Any one who can help me to let me know the series number (or bar code) of this CD? I think it is released by Eurodisc for the Czech company Supraphon in 1980s.

thank you.
Xiaowei


----------



## KenOC (Mar 7, 2011)

I'd bet it is the same as this Supraphon release, 38C37-7056. It's available 3rd party on Amazon US.

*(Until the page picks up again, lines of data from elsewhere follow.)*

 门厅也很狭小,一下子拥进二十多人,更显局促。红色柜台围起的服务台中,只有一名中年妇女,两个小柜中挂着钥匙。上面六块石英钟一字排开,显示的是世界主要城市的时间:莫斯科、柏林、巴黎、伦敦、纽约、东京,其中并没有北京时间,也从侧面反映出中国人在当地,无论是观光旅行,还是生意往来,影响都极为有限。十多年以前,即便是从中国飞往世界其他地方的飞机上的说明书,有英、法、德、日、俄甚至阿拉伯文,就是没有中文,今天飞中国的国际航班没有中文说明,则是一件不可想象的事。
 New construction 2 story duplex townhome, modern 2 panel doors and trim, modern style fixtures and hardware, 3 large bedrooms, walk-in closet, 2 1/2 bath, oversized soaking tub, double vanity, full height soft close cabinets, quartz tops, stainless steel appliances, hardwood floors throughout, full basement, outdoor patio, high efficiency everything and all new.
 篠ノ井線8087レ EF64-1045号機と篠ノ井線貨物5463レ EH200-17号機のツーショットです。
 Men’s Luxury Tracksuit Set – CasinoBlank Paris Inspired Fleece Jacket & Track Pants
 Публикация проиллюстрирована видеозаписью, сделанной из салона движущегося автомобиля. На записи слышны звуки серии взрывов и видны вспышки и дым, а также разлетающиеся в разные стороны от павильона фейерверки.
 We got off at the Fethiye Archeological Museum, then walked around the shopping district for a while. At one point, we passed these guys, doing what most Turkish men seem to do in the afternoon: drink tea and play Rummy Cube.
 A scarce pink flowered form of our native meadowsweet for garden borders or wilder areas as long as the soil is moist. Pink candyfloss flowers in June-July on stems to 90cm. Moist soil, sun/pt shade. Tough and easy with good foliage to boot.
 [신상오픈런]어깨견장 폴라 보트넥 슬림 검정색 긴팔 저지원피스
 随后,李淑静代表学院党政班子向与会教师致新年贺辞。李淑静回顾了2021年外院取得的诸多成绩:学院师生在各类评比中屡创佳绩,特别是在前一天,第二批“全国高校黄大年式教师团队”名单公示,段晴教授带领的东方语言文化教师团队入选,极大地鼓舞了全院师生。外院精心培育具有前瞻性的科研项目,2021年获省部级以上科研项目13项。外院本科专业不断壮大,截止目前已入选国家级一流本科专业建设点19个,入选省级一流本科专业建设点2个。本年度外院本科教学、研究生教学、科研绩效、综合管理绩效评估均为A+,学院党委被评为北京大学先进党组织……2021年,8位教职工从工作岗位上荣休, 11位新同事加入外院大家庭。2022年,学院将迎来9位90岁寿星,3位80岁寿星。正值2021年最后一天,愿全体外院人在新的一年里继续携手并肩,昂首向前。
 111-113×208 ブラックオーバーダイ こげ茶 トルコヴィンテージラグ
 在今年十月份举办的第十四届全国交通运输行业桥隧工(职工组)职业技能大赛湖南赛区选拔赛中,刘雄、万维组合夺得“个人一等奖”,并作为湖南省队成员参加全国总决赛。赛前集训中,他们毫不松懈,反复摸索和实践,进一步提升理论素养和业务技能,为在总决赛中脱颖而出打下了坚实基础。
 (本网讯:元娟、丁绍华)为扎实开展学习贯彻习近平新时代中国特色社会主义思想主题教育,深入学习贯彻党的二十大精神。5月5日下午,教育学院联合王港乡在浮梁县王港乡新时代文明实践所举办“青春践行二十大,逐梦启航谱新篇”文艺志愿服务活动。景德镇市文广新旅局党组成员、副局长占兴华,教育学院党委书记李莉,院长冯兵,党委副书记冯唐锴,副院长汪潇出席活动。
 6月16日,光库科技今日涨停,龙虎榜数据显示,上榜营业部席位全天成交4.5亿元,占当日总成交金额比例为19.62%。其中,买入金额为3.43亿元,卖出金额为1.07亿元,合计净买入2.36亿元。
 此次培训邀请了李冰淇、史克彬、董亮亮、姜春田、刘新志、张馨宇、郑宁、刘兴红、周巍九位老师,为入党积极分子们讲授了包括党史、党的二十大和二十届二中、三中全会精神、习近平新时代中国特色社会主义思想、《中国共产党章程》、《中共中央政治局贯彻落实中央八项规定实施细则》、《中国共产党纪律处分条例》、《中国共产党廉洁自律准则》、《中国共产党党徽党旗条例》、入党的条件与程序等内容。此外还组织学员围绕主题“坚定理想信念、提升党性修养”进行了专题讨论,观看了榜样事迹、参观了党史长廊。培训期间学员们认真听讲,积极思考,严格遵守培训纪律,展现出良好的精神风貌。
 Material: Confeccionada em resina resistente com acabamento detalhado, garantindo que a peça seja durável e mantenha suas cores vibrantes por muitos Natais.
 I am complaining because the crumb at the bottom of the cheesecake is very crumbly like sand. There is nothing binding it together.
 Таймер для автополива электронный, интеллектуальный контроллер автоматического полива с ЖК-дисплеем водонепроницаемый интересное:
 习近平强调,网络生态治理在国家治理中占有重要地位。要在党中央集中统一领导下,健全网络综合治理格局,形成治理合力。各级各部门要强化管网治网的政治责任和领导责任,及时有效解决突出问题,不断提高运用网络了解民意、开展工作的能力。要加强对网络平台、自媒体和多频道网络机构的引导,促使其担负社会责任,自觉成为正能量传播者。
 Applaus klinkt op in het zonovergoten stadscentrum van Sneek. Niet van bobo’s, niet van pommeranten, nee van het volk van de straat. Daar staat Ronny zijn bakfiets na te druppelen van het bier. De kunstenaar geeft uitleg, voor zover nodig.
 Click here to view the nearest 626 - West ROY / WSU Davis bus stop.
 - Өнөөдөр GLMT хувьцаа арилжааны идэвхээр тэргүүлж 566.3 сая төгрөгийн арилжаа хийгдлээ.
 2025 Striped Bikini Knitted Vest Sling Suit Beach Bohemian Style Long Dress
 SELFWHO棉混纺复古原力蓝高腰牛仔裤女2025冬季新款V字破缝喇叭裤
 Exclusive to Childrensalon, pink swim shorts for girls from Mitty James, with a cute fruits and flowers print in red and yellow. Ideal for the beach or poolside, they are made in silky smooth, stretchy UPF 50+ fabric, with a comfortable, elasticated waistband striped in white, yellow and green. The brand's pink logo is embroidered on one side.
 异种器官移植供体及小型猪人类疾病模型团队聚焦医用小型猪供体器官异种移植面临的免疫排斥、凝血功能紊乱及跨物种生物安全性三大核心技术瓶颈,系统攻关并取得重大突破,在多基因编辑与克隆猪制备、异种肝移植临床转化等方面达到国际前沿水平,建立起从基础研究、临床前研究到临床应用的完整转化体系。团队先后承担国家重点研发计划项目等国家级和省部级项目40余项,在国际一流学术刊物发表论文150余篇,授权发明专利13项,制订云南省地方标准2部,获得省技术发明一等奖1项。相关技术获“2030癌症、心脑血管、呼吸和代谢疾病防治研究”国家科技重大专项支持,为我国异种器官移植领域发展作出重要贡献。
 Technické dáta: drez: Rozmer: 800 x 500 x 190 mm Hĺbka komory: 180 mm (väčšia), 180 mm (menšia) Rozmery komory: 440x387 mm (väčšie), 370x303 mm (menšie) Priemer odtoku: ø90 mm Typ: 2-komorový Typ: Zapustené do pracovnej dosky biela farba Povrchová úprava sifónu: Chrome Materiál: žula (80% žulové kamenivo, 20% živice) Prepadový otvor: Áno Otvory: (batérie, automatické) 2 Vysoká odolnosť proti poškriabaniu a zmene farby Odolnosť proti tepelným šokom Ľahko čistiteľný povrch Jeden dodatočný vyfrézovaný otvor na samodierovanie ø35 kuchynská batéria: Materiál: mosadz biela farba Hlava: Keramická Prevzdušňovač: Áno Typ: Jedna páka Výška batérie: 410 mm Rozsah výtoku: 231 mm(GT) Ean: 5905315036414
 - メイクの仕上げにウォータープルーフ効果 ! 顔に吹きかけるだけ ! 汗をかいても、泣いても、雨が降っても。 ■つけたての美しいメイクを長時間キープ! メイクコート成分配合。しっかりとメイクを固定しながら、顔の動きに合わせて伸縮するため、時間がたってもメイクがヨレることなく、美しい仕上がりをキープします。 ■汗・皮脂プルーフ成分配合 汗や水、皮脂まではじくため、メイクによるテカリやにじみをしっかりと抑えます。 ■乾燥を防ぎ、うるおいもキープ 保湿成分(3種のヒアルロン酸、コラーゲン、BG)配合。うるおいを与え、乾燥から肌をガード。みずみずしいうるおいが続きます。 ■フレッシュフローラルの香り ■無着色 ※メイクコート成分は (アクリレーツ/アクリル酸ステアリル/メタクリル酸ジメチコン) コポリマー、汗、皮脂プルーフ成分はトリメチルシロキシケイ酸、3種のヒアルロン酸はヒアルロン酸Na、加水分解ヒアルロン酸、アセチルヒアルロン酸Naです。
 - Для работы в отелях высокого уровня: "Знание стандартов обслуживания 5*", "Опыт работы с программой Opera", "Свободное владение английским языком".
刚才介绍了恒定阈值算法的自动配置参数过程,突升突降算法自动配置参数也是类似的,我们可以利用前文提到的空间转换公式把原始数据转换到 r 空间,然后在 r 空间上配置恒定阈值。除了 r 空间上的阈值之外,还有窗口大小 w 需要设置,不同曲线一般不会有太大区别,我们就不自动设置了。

For the current Supraphon release of (probably) the same performances plus extras, try their catalog No. 11 1965-2 011, barcode 099925196523.


----------



## renxiaowei (Oct 13, 2015)

Thank you, Yes, I have both Czech release and the Japan release 38CC37-7056. But I just see the Eurodisc release so I try to collect all 3 releases as a sample of multiple market distribution of a recording. Thank you again.


----------



## SixFootScowl (Oct 17, 2011)

renxiaowei said:


> Dear all,
> 
> Any one who can help me to let me know the series number (or bar code) of this CD? I think it is released by Eurodisc for the Czech company Supraphon in 1980s.
> 
> ...


If you find it on Ebay they usually give the bar code in the listing. Then I run it through Barcodelookup.com just to verify it is same disk--also gives pricing for various sites.


----------



## Pugg (Aug 8, 2014)

renxiaowei said:


> Dear all,
> 
> Any one who can help me to let me know the series number (or bar code) of this CD? I think it is released by Eurodisc for the Czech company Supraphon in 1980s.
> 
> ...


I know a few labels didn't use barcodes so that will be a point to considerer also :tiphat:


----------